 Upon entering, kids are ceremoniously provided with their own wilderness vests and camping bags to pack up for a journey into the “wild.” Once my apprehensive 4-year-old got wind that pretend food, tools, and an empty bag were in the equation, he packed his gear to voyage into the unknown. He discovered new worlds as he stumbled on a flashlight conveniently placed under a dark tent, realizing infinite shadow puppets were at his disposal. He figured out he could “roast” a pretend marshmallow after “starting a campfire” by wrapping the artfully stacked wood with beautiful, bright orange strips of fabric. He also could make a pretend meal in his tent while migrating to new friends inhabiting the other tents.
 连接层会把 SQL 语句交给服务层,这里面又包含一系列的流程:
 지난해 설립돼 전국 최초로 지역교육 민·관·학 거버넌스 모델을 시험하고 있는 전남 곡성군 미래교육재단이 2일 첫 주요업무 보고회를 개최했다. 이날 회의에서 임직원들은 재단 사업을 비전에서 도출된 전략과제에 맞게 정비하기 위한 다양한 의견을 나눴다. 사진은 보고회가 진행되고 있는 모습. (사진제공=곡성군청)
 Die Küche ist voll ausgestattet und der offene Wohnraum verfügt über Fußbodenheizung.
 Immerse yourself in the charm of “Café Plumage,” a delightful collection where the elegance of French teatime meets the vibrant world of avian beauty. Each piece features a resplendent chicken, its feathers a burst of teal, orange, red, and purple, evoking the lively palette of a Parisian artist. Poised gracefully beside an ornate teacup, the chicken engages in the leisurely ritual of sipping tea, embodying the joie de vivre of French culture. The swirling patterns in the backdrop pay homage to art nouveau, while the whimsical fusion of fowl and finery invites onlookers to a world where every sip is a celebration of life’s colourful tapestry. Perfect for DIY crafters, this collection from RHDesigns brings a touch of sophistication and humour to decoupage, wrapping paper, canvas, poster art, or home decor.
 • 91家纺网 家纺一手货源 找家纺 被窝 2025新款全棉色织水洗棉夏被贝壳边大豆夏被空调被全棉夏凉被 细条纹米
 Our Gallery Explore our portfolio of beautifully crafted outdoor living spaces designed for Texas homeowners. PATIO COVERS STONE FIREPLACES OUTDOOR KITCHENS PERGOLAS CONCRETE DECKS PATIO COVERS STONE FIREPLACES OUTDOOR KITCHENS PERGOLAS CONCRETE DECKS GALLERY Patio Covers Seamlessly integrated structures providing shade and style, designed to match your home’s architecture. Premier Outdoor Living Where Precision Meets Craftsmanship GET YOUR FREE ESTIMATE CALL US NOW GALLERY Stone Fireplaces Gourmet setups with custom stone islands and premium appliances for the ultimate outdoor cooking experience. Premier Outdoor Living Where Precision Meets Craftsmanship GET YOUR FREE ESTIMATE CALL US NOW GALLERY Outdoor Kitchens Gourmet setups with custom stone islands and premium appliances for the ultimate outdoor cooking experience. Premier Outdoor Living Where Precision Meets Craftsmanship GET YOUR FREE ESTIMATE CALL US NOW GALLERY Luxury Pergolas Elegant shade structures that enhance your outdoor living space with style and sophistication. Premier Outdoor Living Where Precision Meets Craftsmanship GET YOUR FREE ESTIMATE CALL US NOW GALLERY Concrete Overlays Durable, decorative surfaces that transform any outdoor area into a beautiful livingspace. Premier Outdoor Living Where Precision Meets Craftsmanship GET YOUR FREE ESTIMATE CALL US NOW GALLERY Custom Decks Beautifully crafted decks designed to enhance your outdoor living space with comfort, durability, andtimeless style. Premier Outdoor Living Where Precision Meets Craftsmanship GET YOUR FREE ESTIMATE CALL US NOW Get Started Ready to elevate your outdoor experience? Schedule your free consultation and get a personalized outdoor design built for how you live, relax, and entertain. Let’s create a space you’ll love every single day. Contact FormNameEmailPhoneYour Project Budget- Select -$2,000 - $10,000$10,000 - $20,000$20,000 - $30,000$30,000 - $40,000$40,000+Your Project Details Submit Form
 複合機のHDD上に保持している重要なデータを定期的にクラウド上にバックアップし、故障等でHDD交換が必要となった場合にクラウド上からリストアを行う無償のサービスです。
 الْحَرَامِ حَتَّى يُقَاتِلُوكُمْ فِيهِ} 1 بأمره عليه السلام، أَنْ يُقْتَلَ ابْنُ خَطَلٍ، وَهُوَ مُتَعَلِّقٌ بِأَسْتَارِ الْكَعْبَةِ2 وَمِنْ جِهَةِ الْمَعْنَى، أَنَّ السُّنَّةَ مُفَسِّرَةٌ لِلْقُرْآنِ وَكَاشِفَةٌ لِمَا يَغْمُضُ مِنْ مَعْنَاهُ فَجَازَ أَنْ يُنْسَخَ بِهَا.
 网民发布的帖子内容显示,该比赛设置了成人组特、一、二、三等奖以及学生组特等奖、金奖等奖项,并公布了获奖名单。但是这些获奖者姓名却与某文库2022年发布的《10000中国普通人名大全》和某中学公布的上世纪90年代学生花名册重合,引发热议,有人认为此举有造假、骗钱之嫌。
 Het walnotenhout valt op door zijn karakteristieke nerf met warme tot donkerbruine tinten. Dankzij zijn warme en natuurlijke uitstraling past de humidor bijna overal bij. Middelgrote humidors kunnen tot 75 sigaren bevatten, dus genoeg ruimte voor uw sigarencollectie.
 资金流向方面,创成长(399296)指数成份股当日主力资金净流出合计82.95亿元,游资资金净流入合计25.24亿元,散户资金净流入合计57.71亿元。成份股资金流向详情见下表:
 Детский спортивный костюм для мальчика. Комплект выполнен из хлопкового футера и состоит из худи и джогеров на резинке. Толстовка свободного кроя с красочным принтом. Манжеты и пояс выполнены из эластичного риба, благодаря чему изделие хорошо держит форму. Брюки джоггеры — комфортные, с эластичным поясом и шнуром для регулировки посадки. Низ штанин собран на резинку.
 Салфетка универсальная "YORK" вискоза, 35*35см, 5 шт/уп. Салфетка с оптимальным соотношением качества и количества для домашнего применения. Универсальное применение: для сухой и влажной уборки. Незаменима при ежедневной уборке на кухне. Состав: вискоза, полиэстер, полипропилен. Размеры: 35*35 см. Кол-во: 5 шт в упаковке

• _What to do_
For the lines above, output exactly those from the line containing "网民发布的帖子内容显示,该比" through the line containing "Детский спортивный костюм", and skip the others.

• _Task solution_
 网民发布的帖子内容显示,该比赛设置了成人组特、一、二、三等奖以及学生组特等奖、金奖等奖项,并公布了获奖名单。但是这些获奖者姓名却与某文库2022年发布的《10000中国普通人名大全》和某中学公布的上世纪90年代学生花名册重合,引发热议,有人认为此举有造假、骗钱之嫌。
 Het walnotenhout valt op door zijn karakteristieke nerf met warme tot donkerbruine tinten. Dankzij zijn warme en natuurlijke uitstraling past de humidor bijna overal bij. Middelgrote humidors kunnen tot 75 sigaren bevatten, dus genoeg ruimte voor uw sigarencollectie.
 资金流向方面,创成长(399296)指数成份股当日主力资金净流出合计82.95亿元,游资资金净流入合计25.24亿元,散户资金净流入合计57.71亿元。成份股资金流向详情见下表:
 Детский спортивный костюм для мальчика. Комплект выполнен из хлопкового футера и состоит из худи и джогеров на резинке. Толстовка свободного кроя с красочным принтом. Манжеты и пояс выполнены из эластичного риба, благодаря чему изделие хорошо держит форму. Брюки джоггеры — комфортные, с эластичным поясом и шнуром для регулировки посадки. Низ штанин собран на резинку.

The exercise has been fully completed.